You multiply by 9 by adding a 0

As the problem image shows, there are three cases:

• Case 1: We strike a zero in the hundreds place.

But this is not even a valid case, as a three-digit number cannot begin with a zero.

• Case 2: We strike a zero in the units place.

This is the same as dividing by $10$ , so the number we get will be $\frac{N}{10}$ . If $\frac{N}{10} = \frac{N}{9}$ , we need to have $9N = 10N$ , or $N = 0$ , not a three-digit number.

• Case 3: We strike a zero in the tens place.

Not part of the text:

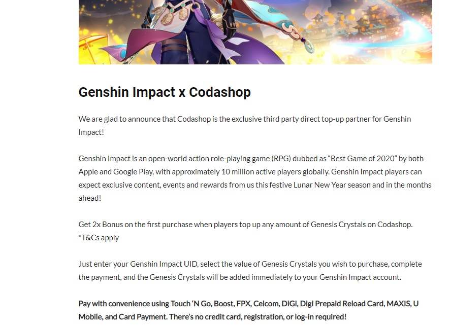 Codashop Exclusive 3rd Party Top Up Vendor X Genshin Impact Genshin Impact Official Community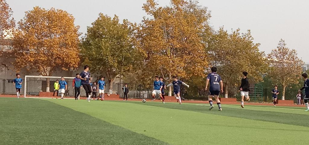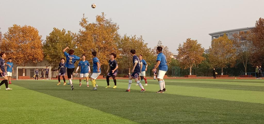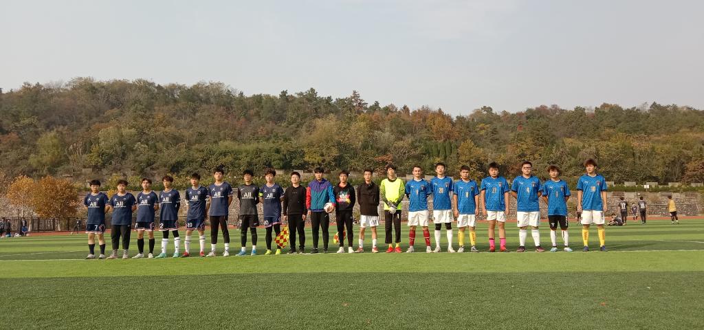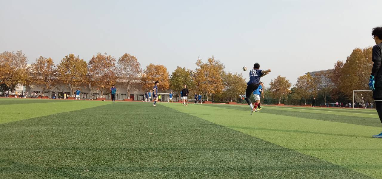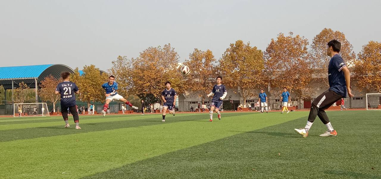 热身完毕队员们充满斗志地上场,伴随比赛开始的的哨响,激烈又刺激的上半场比赛开始了。双方队员展开了激烈的角逐,会计学院进行着严密的防守和密集的进攻,但管工院也不甘示弱,队员们默契配合着防守并抓住时机进行反攻,信工院未能进球。上半场时间流逝过半的时候,20号球员在接到队友的传球之后单刀直入连过几人最后选择远射,但由于力度大最终擦边而过。随后,会计学院意识到远射的威胁之后开始严防死守,比赛一度进入胶着状态。管工院数次进攻未果但也不气馁,依旧有条不紊的发起全力进攻。最后,以双方平局结束上半场比赛。

Let the number be $\overline{a0b}$ , so after removing the zero we get $\overline{ab}$ . Thus:

$\overline{a0b} = 9 \cdot \overline{ab}$

$100a + b = 9 (10a + b)$

$100a + b = 90a + 9b$

$10a = 8b$

$5a = 4b$

If $b = 0$ , then $a = 0$ too, which gives the number $\overline{a0b} = \overline{000} = 0$ , not a three-digit number too. So $b > 0$ . But since $b$ is a decimal digit, it must be less than $10$ .

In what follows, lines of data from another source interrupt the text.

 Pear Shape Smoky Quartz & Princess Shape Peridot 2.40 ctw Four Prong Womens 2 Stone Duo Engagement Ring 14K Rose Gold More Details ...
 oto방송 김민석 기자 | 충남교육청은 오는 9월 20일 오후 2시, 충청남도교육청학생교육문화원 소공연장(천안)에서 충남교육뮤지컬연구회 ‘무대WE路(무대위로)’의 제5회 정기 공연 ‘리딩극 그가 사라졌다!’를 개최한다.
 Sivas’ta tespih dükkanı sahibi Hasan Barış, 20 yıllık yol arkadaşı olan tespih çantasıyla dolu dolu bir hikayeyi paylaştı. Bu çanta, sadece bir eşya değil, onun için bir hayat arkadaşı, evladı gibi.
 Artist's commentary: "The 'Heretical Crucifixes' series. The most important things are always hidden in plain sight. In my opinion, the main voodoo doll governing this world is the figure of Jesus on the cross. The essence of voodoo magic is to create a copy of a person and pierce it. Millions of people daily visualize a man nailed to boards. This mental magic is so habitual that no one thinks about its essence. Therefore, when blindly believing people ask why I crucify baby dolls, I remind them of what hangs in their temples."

Finally, as $a,b$ are integers, we need $5$ to divide $4b$ . Since $4$ is not divisible by $5$ , we need to have $5$ to divide $b$ . Thus $b$ is an integer divisible by $5$ that lies in the range $[1,9]$ ; the only possibility is $b = 5$ , which causes $a = 4$ and $N = \overline{a0b} = \boxed{405}$ . It can be easily verified that the number works.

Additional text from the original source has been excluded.